### Assigned task
Below are entries; copy exactly, and only, the lines from the one containing "文章介绍了使用Java语言和" through their final line, leaving out pictures.

(Source records)
────────────────
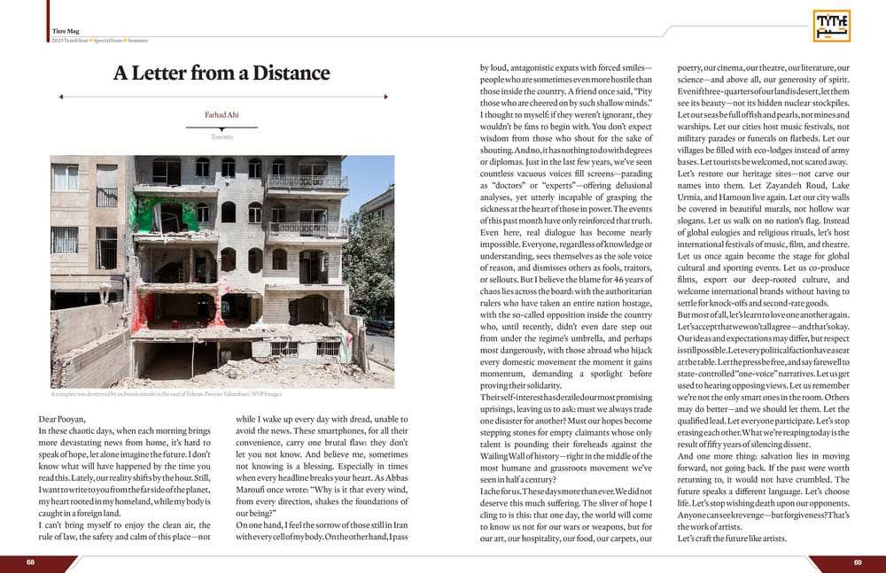 I ache for us. These days more than ever. We did not deserve this much suffering. The sliver of hope I cling to is this: that one day, the world will come to know us not for our wars or weapons, but for our art, our hospitality, our food, our carpets, our poetry, our cinema, our theatre, our literature, our science—and above all, our generosity of spirit. Even if three-quarters of our land is desert, let them see its beauty—not its hidden nuclear stockpiles. Let our seas be full of fish and pearls, not mines and warships. Let our cities host music festivals, not military parades or funerals on flatbeds. Let our villages be filled with eco-lodges instead of army bases. Let tourists be welcomed, not scared away.
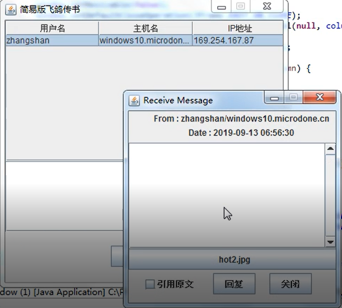 文章介绍了使用Java语言和Swing框架开发的飞鸽传书程序,该程序具备简洁界面和完整源码。主要功能包括发送文字信息和文件,接收到文件时会弹出提醒并允许下载。程序基于TCP服务进行文件传输,实现了从接收文件名到实际文件传输的流程。开发环境可选用Eclipse或IDEA,运行便捷。
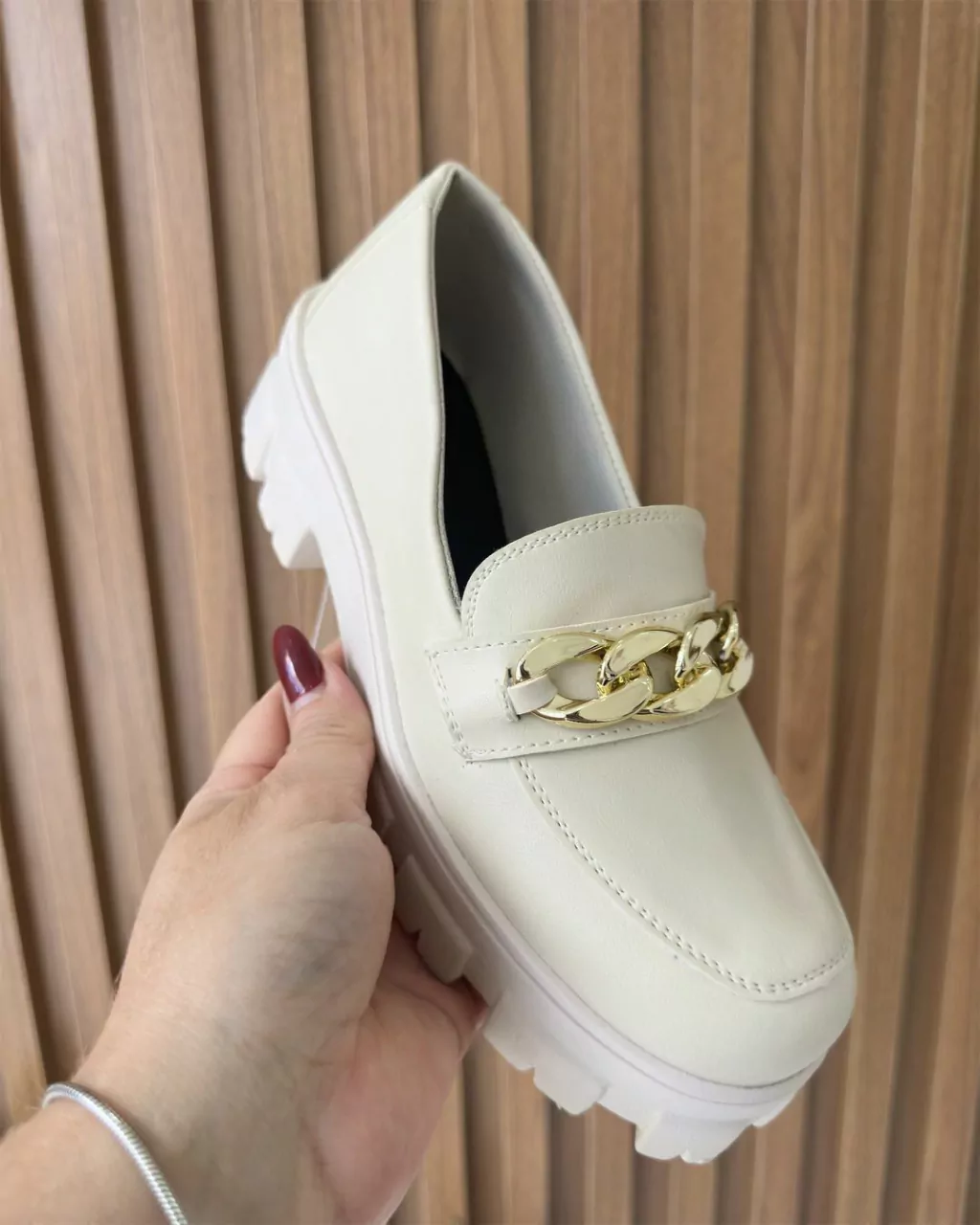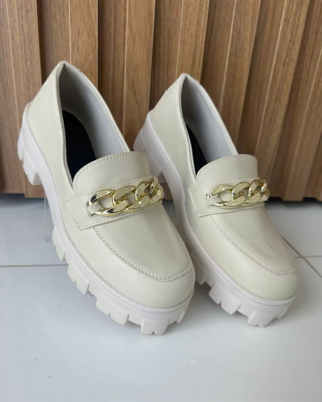 Costura Mocassim: Apresenta a clássica costura mocassim na parte frontal, que confere um visual elegante e tradicional ao calçado.
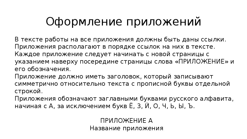 Название приложения может быть в том же формате, что и заголовок других разделов вашей исследовательской работы или презентации. Вы можете написать его тем же шрифтом и размером. Он также может быть написан заглавными буквами, например, ПРИЛОЖЕНИЕ, или в заголовке или в предложении, например, Приложение.
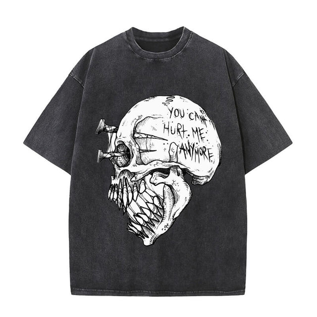 Elevate your street style and express your rebellious spirit with our "You Can't Hurt Me Any More" Skull T-shirt. Crafted from premium cotton and vintage washed for a soft, worn-in feel, this tee features a bold skull graphic that adds edgy flair to any outfit. Whether you're hitting the streets or rocking out at a concert, this tee is sure to make a statement. Embrace your individuality and stand out from the crowd with our vintage-inspired skull tee.
────────────────
### Task result
 文章介绍了使用Java语言和Swing框架开发的飞鸽传书程序,该程序具备简洁界面和完整源码。主要功能包括发送文字信息和文件,接收到文件时会弹出提醒并允许下载。程序基于TCP服务进行文件传输,实现了从接收文件名到实际文件传输的流程。开发环境可选用Eclipse或IDEA,运行便捷。
 Costura Mocassim: Apresenta a clássica costura mocassim na parte frontal, que confere um visual elegante e tradicional ao calçado.
 Название приложения может быть в том же формате, что и заголовок других разделов вашей исследовательской работы или презентации. Вы можете написать его тем же шрифтом и размером. Он также может быть написан заглавными буквами, например, ПРИЛОЖЕНИЕ, или в заголовке или в предложении, например, Приложение.
 Elevate your street style and express your rebellious spirit with our "You Can't Hurt Me Any More" Skull T-shirt. Crafted from premium cotton and vintage washed for a soft, worn-in feel, this tee features a bold skull graphic that adds edgy flair to any outfit. Whether you're hitting the streets or rocking out at a concert, this tee is sure to make a statement. Embrace your individuality and stand out from the crowd with our vintage-inspired skull tee.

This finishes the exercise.